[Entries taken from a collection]
+ + + + +
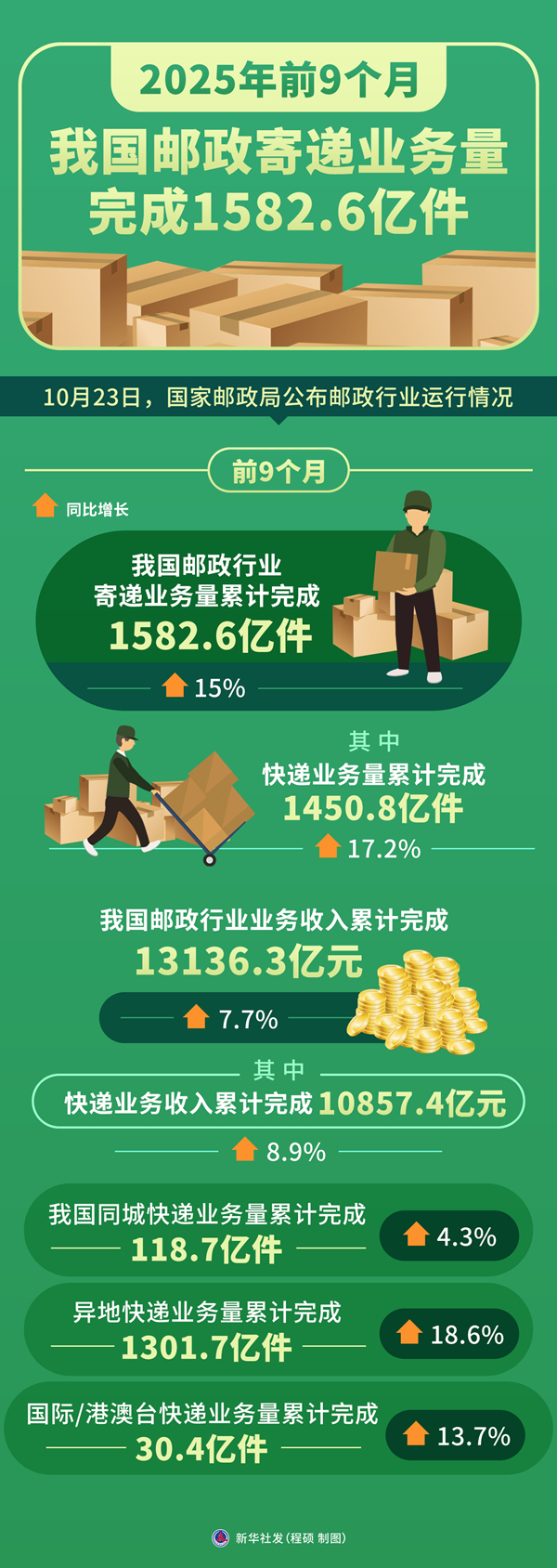 新华社北京10月23日电(记者 叶昊鸣)记者23日从国家邮政局获悉,前9个月,我国邮政行业寄递业务量累计完成1582.6亿件,同比增长15%。其中,快递业务量累计完成1450.8亿件,同比增长17.2%。
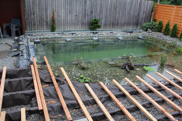22. Seuraavana vuonna altaan reunoille päätettiin istuttaa vesikasveja.
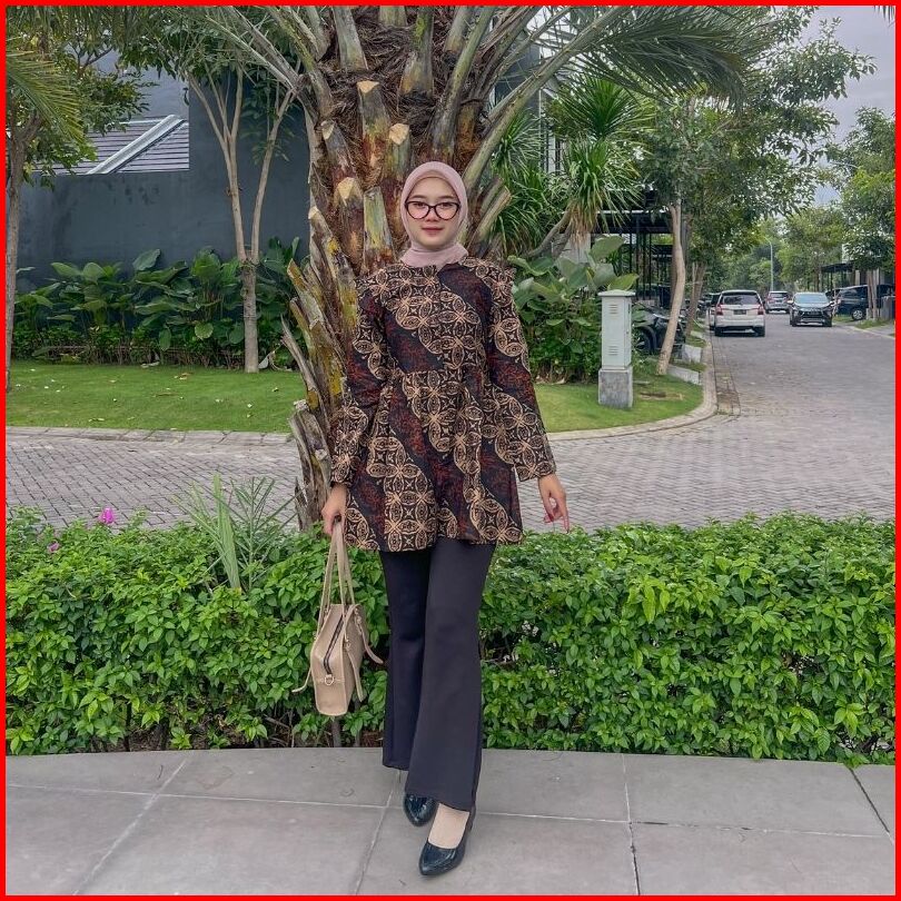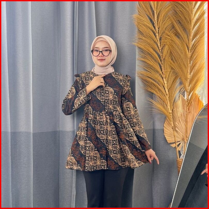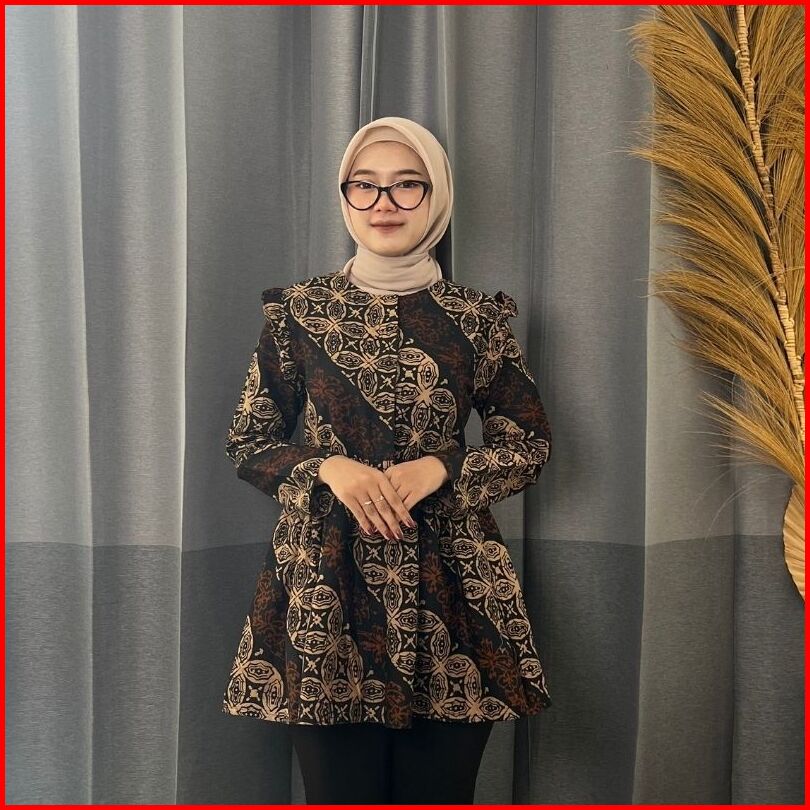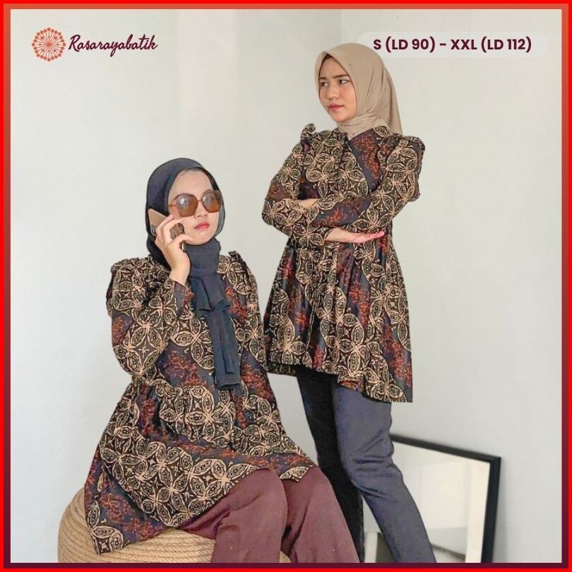Rasaraya Batik Haera Tunik Wanita Katun - Atasan Batik Kantor Sogan Coklat Hitam Elegan Busui
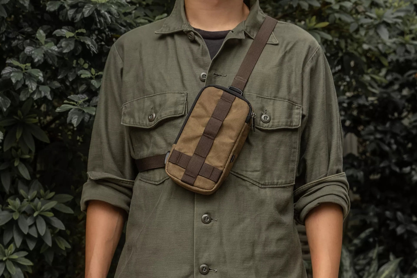 Voidaan kiinnittää mihin tahansa MOLLE-järjestelmään mukana tulevilla YKK-pikalukitussoljilla. Mukana toimitettavan olkahihnan ansiosta sitä voi käyttää myös pienenä sling-laukkuna.
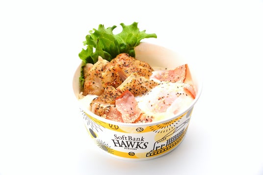 また、選手グルメからは「周東選手のカルボナーラ丼」と「近藤選手の安納芋プリンパフェ」をご紹介。「周東選手のカルボナーラ丼」は、ピラフの上にカルボナーラソースをたっぷりかけ、そのうえにドーン!とスパイシーなチキンを盛り付けた、大満足なグルメです!
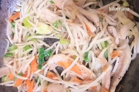 ・豚肉、にんじん、ねぎ、もやし、ブラックペッパー 適量
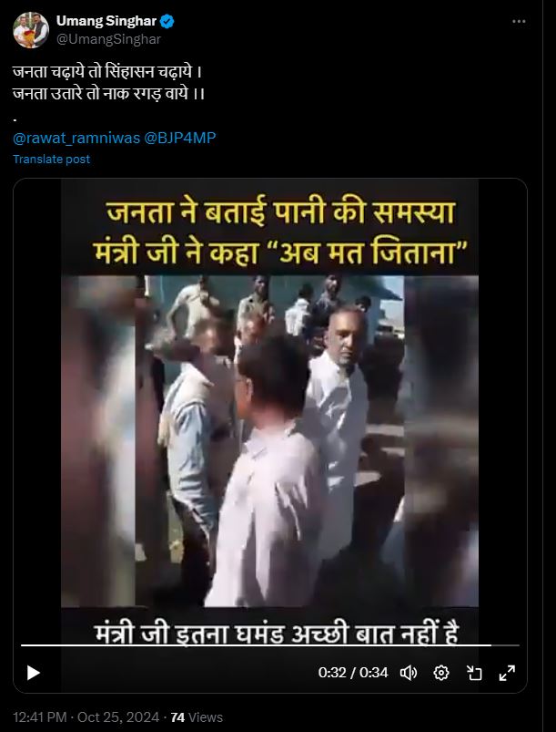नेता प्रतिपक्ष उमंग सिंघार ने सोशल मीडिया पर रामनिवास रावत का वीडियो शेयर कर लिखा, ‘जनता चढ़ाए तो सिंहासन चढ़ाये, उतारे तो नाक रगड़वाए।’ वीडियो में दिख रहा है कि रामनिवास रावत, ग्रामीणों के बीच पहुंचे। इस पर लोगों ने कह दिया कि आपको यहां आने में शर्म आनी चाहिए, कब से नहीं आए हो। रावत ने कहा कि 25 बार बैठ कर गया हूं, फ़ालतू बात मत करो।
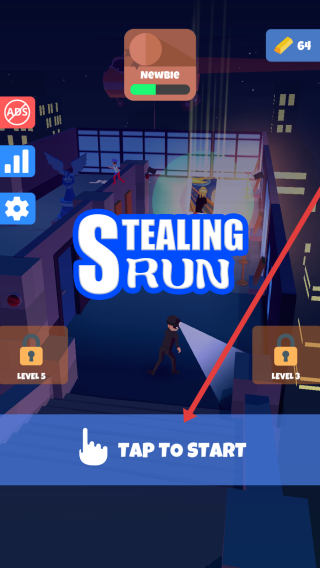 1、在启动页,点击TAP-TO-START,开启新关卡LEVEL3/5,挑战更难偷窃场景,解锁新技能与道具。
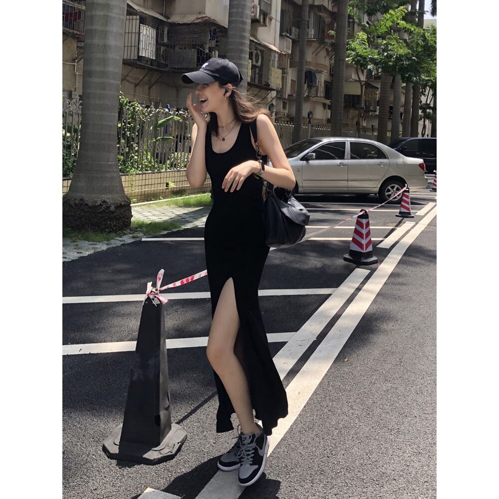 ワンピース ロング丈 袖なし ノースリーブ Uネック タイト アシンメトリー デザイン 美ライン サイドスリット 伸縮性 カラバリ かわいい 大人可愛い きれいめ シンプル カジュアル 大人 上品 おしゃれ お洒落 大人可愛い 大人女子 こなれ感 スポーティー ラブリー キュート ガーリー 個性的 エレガント モダン 主役級 存在感 抜け感 ベーシック ヨーロッパカジュアル ブリティッシュ スタンダード 洗練 無地 エイジレス レディース お出かけ 旅行 着回し 普段使い 重ね着 お揃い 双子
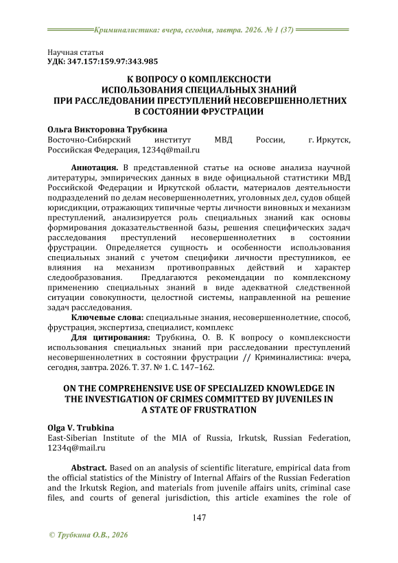 In the presented article, based on an analysis of scientific literature, empirical data in the form of official statistics from the Ministry of Internal Affairs of the Russian Federation and the Irkutsk Region, materials from units dealing with juvenile affairs, criminal cases, and general jurisdiction courts reflecting the typical characteristics of offenders' personalities and crime mechanisms, the role of specialized knowledge is analyzed as the basis for forming an evidentiary foundation and solving specific tasks in investigating crimes committed by minors in a state of frustration. The essence and features of the use of specialized knowledge are determined, taking into account the specifics of the criminal’s personality, its influence on the mechanism of unlawful actions, and the nature of trace formation. Recommendations are proposed for the comprehensive application of specialized knowledge in the form of an appropriate investigative situation—a set, a holistic system—aimed at solving the tasks of the investigation.
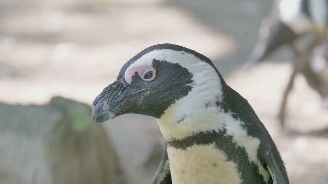 African penguins typically breed in burrows or under rocks, returning to the same nesting sites year after year. They form strong pair bonds and both parents share responsibility for incubating eggs and raising chicks. Their distinctive braying calls help them communicate with mates and offspring within crowded colonies.
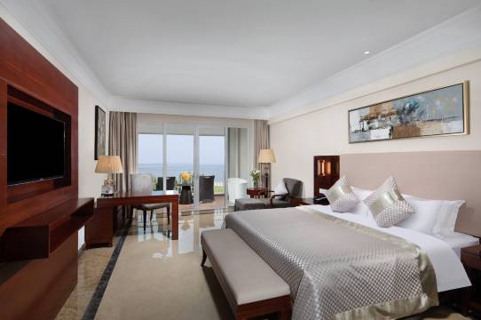 五星酒店名副其实,海景房180℃视野,海边的沙滩可以去走走,就是一般了点。
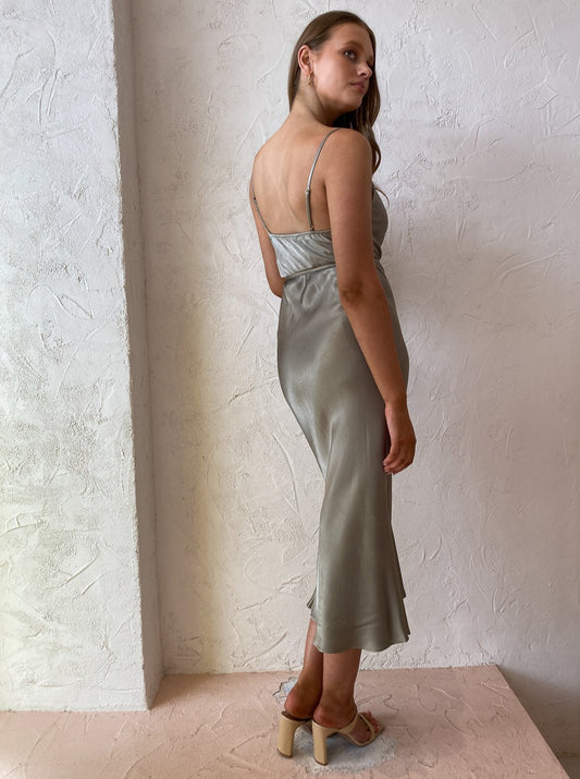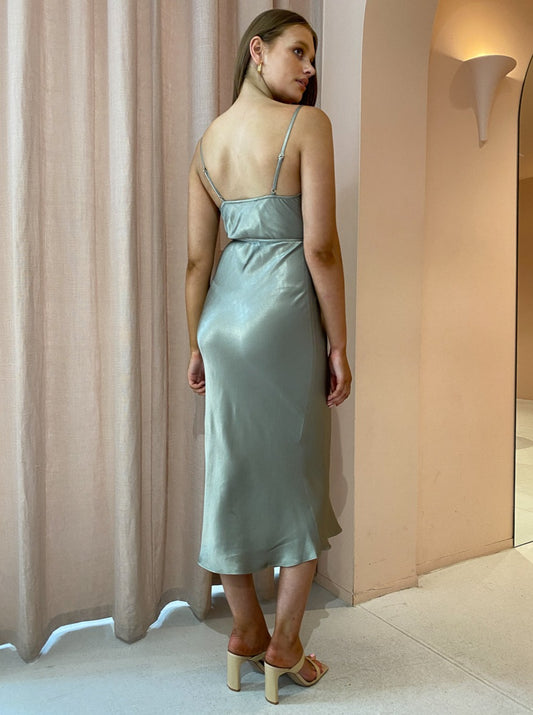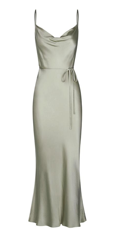 Adored for its luxurious sheen fabrication in a stunning sage hue, the La Lune will become your go-to midi for wedding festivities, twilight cocktails and formal soirees.
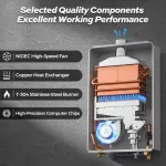 - Easy Installation: Designed for quick and hassle-free indoor installation with standard 3/4" NPT water inlet fittings and air inlet, this water heater is easy to set up in your home.
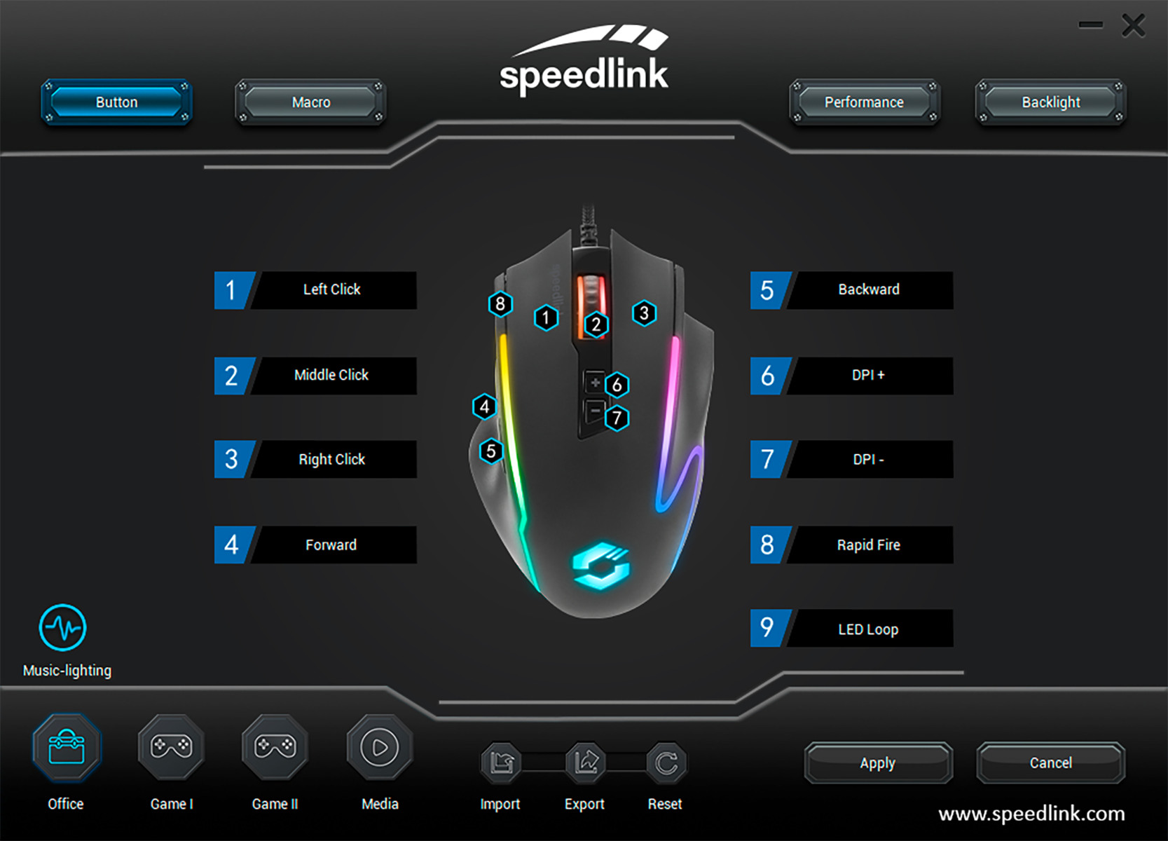 SPEEDLINK DECUS NX Gaming Mouse RGB SL-680024-RRBK Wired, Rubber-Black
+ + + + +
Leave out the pictures. Return exactly the lines from the first line of the records to the line bearing "Voidaan kiinnittää mihin", inclusive.

### Answer space
 新华社北京10月23日电(记者 叶昊鸣)记者23日从国家邮政局获悉,前9个月,我国邮政行业寄递业务量累计完成1582.6亿件,同比增长15%。其中,快递业务量累计完成1450.8亿件,同比增长17.2%。
22. Seuraavana vuonna altaan reunoille päätettiin istuttaa vesikasveja.
Rasaraya Batik Haera Tunik Wanita Katun - Atasan Batik Kantor Sogan Coklat Hitam Elegan Busui
 Voidaan kiinnittää mihin tahansa MOLLE-järjestelmään mukana tulevilla YKK-pikalukitussoljilla. Mukana toimitettavan olkahihnan ansiosta sitä voi käyttää myös pienenä sling-laukkuna.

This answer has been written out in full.